Originally Posted by Gorie
f(x) = 3 + the integral from 8 to x cubed of f(cubed root of t) dt

$\frac{d}{dx} \left[ \int_{8}^{x^3} f(t^{1/3}) \, dt\right]$

Let $u = x^3$ and use the Fundamental Theorem of Calculus and the chain rule:

$= \frac{d}{du} \left[ \int_{8}^{u} f(t^{1/3}) \, dt\right] \, \times \, \frac{du}{dx}$

$= f(u^{1/3}) \, \times \, 3x^2$

$= f(x) \, \times \, 3x^2 = 3x^2 \, f(x)$.
• Mar 23rd 2008, 07:37 PM
mr fantastic
Quote:

Originally Posted by mr fantastic
$\frac{d}{dx} \left[ \int_{8}^{x^3} f(t^{1/3}) \, dt\right]$

Let $u = x^3$ and use the Fundamental Theorem of Calculus and the chain rule:

$= \frac{d}{du} \left[ \int_{8}^{u} f(t^{1/3}) \, dt\right] \, \times \, \frac{du}{dx}$

$= f(u^{1/3}) \, \times \, 3x^2$

$= f(x) \, \times \, 3x^2 = 3x^2 \, f(x)$.
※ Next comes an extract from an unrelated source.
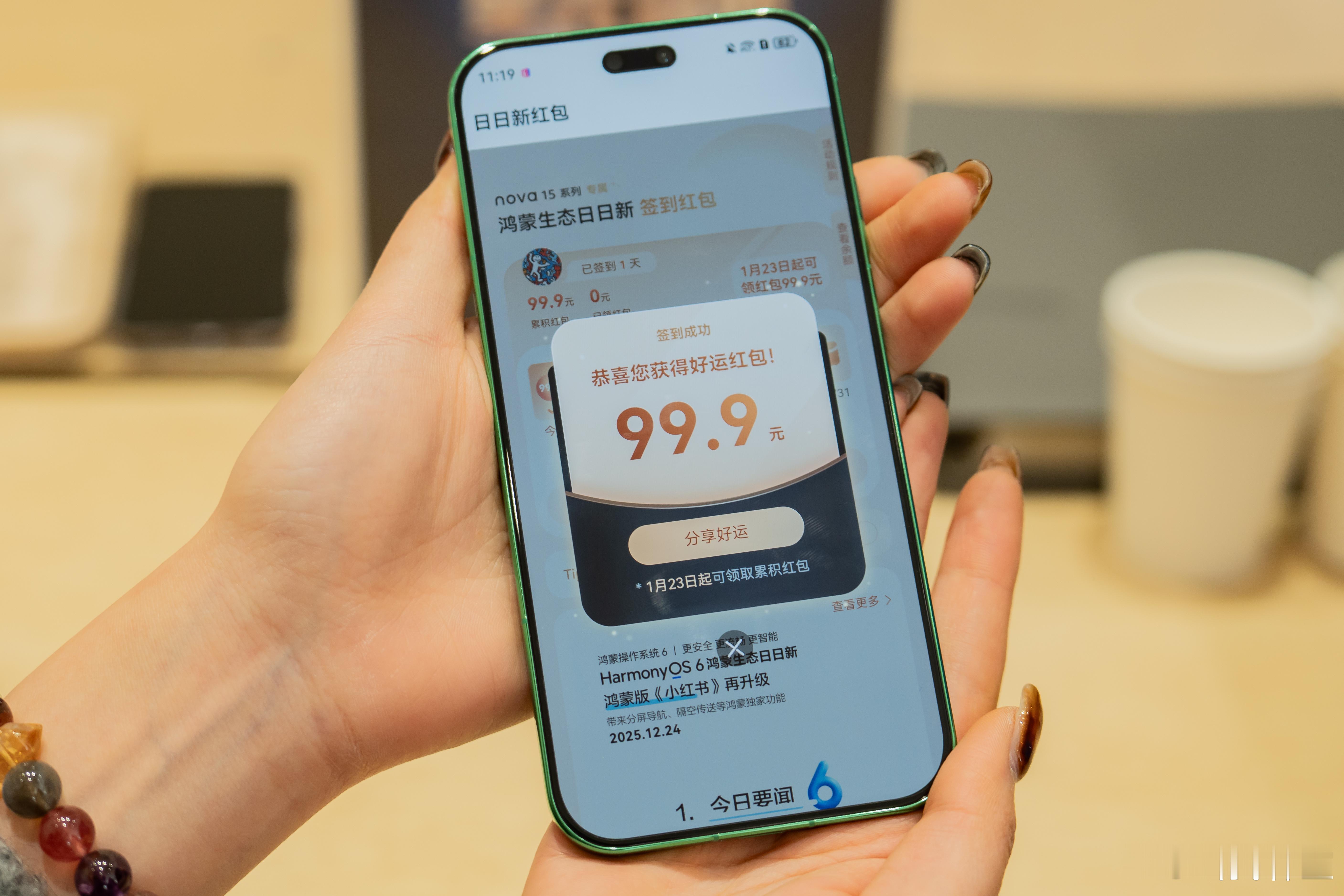 nova15系列开售人人我人人今天nova 15系列开售了,一大早华为门店就热闹起来了!排队队伍都七拐八拐的,全是来提nova15的。听店员说库存走得飞快,很多亮眼配色上午就断货了。 这次nova 15系列的升级真的很实在,首发搭载后双红枫影像系统,拍照效果肉眼可见的提升。全系支持鸿蒙6系统,还有卫星通信等旗舰配置。机身仅6.8mm,手感也是一绝!加上现在有国补政策,算下来性价比超高,现场还能直接领鸿蒙日日新红包,难怪这么多人都来抢首发。 不少年轻人一拿到手机就在门口开箱体验,感觉这次换机特别值,那兴奋劲儿不少路人也来围观。最近想换手机的朋友们可以考虑冲一波!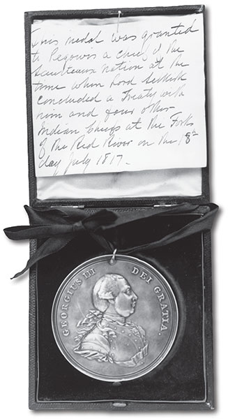Peguis’ Treaty Medal. A medal presented to Peguis by Lord Selkirk at the conclusion of their 1817 treaty featured the likeness of British monarch George III (1738–1820).

$\frac{d}{dx} \left[ \int_{8}^{x^3} f(t^{1/3}) \, dt\right]$

Alternatively, make the substitution $t^{1/3} = u \Rightarrow t = u^3$. Then you have

$\frac{d}{dx} \left[ \int_{8}^{x} f(u) \, 3u^2 \, du\right]$

Now apply the Fundamental Theorem of Calculus:

$= f(x) \, 3x^2$.